● **Work required**
Begin your copy at the line with "1月20日(水)5・6限、3" in the records below and end it at the line with "When standing in", restating each line word for word; omit the pictures.

● **Data shown**
────────────────────

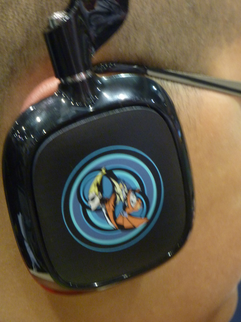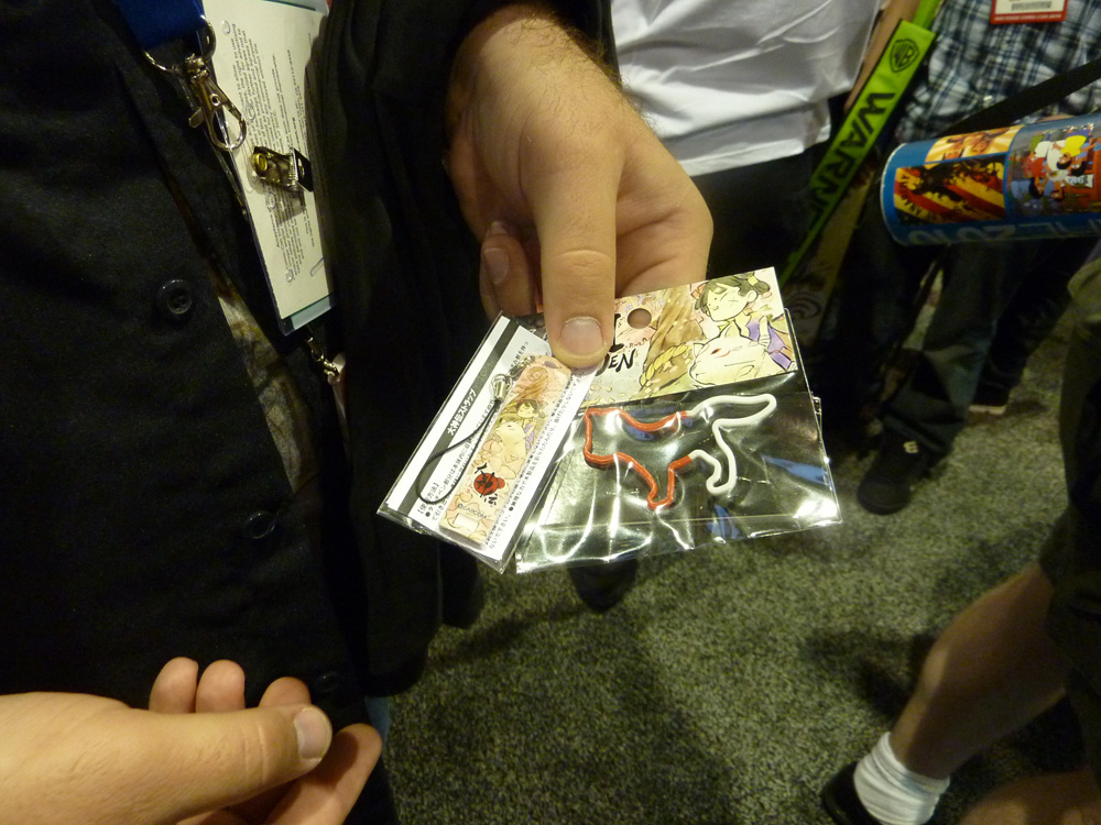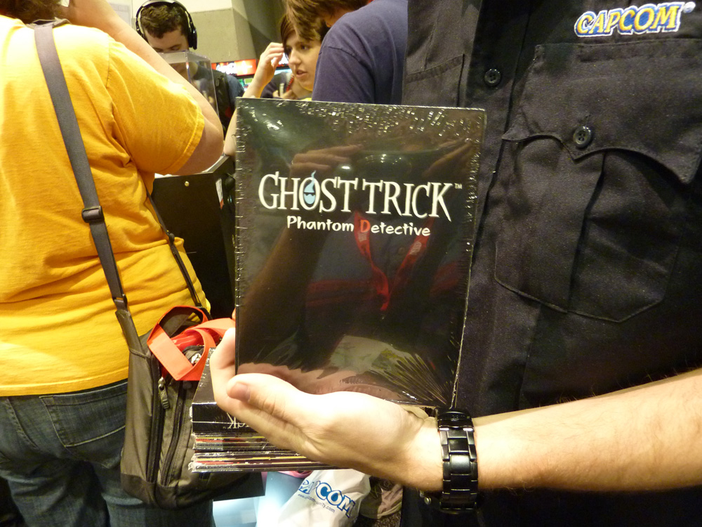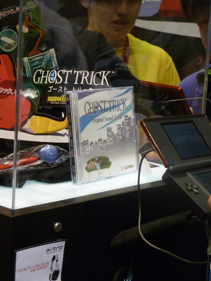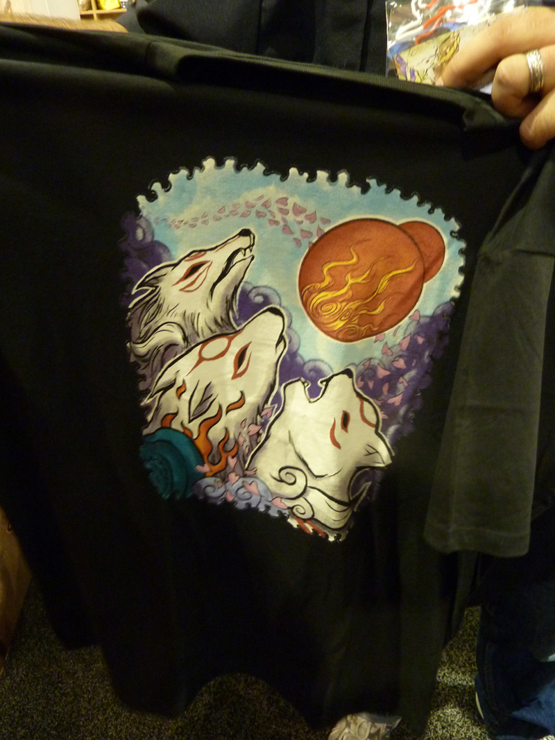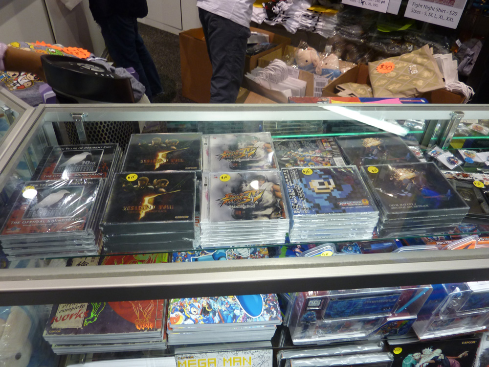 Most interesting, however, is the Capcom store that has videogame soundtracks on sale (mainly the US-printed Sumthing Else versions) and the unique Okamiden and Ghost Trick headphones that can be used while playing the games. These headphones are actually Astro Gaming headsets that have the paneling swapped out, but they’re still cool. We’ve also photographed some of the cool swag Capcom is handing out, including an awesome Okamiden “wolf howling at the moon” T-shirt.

────────────────────

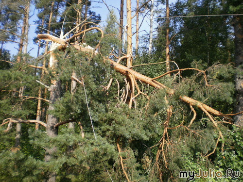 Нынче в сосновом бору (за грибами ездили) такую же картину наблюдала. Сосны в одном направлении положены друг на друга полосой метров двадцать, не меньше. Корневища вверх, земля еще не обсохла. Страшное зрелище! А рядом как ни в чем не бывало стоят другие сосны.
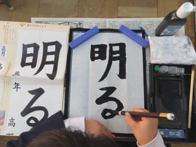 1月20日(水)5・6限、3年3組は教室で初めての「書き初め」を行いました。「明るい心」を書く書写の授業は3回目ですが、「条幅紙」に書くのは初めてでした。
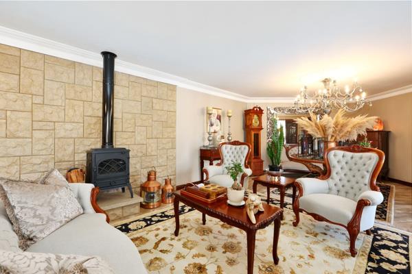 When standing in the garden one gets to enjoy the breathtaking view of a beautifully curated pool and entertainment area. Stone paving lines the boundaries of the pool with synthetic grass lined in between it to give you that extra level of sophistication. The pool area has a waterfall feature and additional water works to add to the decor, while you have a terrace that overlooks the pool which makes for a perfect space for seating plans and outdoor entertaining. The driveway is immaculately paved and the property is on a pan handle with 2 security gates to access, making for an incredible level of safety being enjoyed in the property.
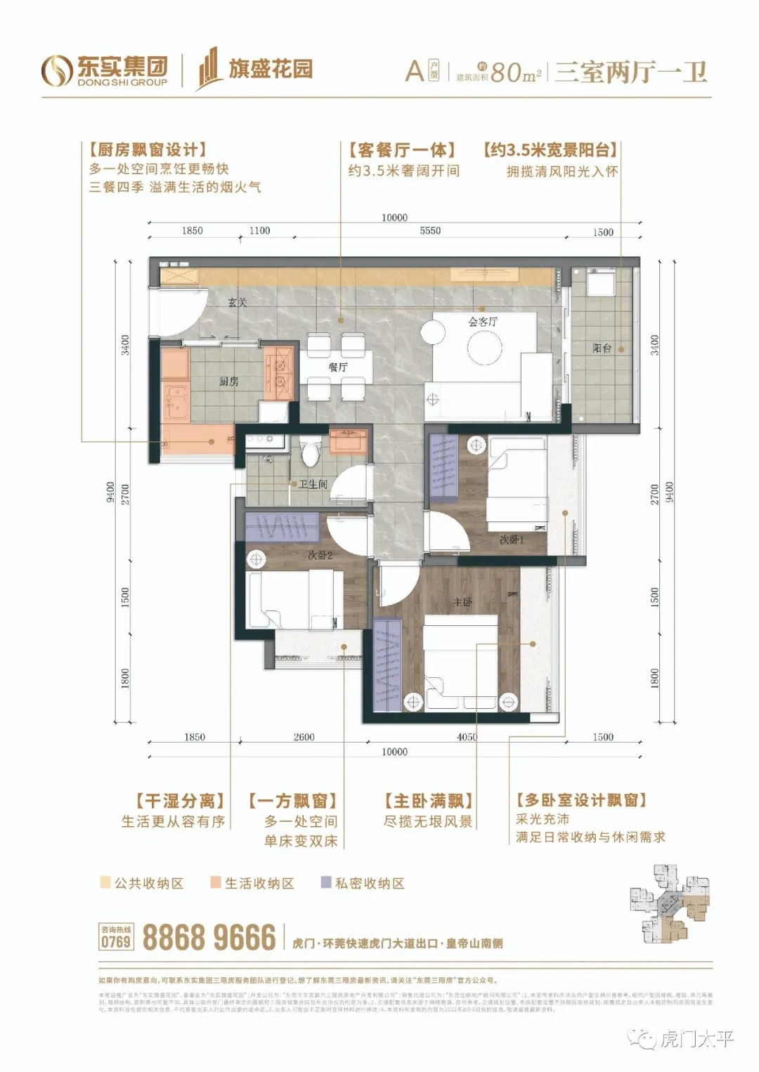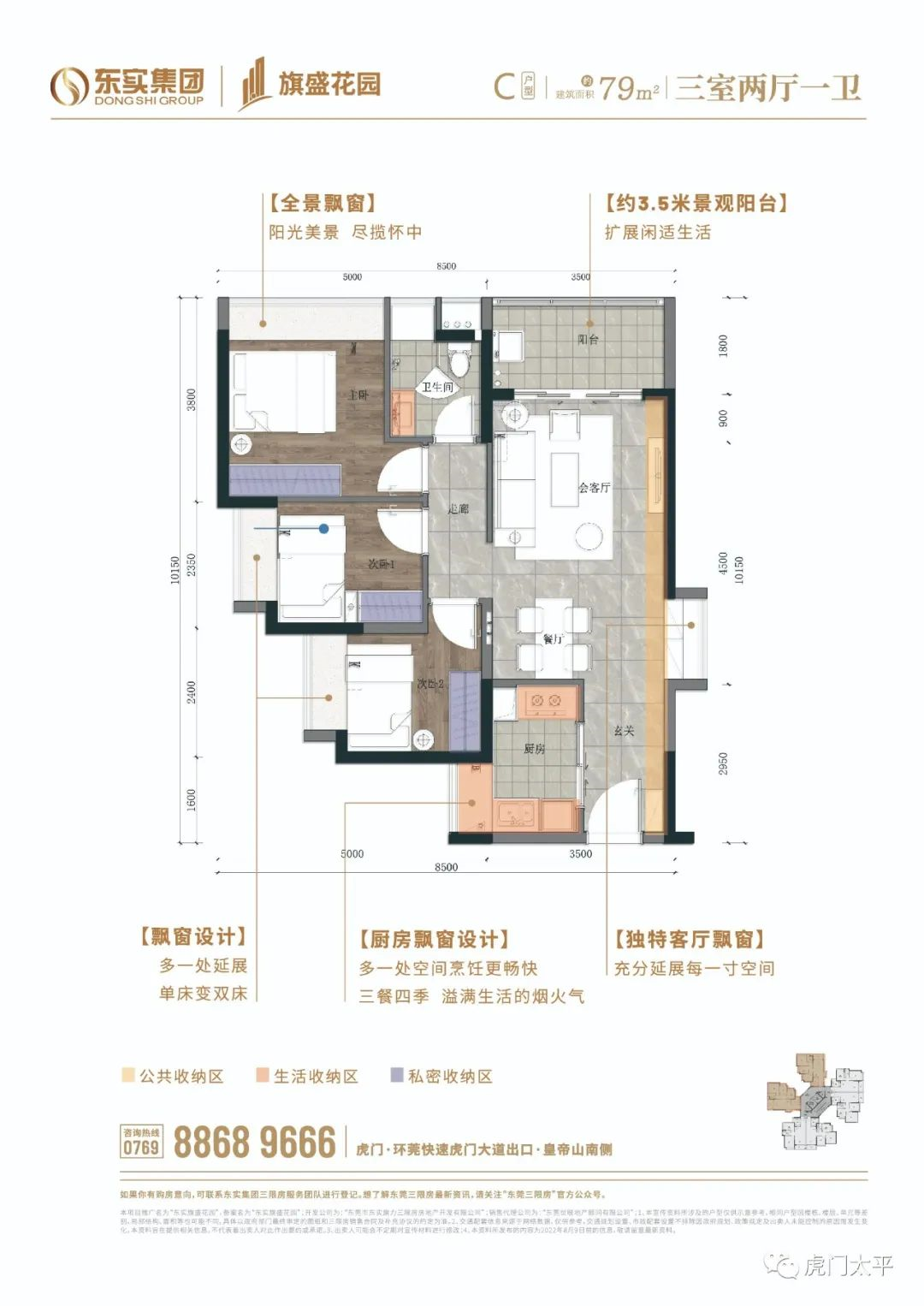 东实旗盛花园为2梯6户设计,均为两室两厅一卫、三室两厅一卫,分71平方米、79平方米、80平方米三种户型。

────────────────────

● **Solution**
 1月20日(水)5・6限、3年3組は教室で初めての「書き初め」を行いました。「明るい心」を書く書写の授業は3回目ですが、「条幅紙」に書くのは初めてでした。
 When standing in the garden one gets to enjoy the breathtaking view of a beautifully curated pool and entertainment area. Stone paving lines the boundaries of the pool with synthetic grass lined in between it to give you that extra level of sophistication. The pool area has a waterfall feature and additional water works to add to the decor, while you have a terrace that overlooks the pool which makes for a perfect space for seating plans and outdoor entertaining. The driveway is immaculately paved and the property is on a pan handle with 2 security gates to access, making for an incredible level of safety being enjoyed in the property.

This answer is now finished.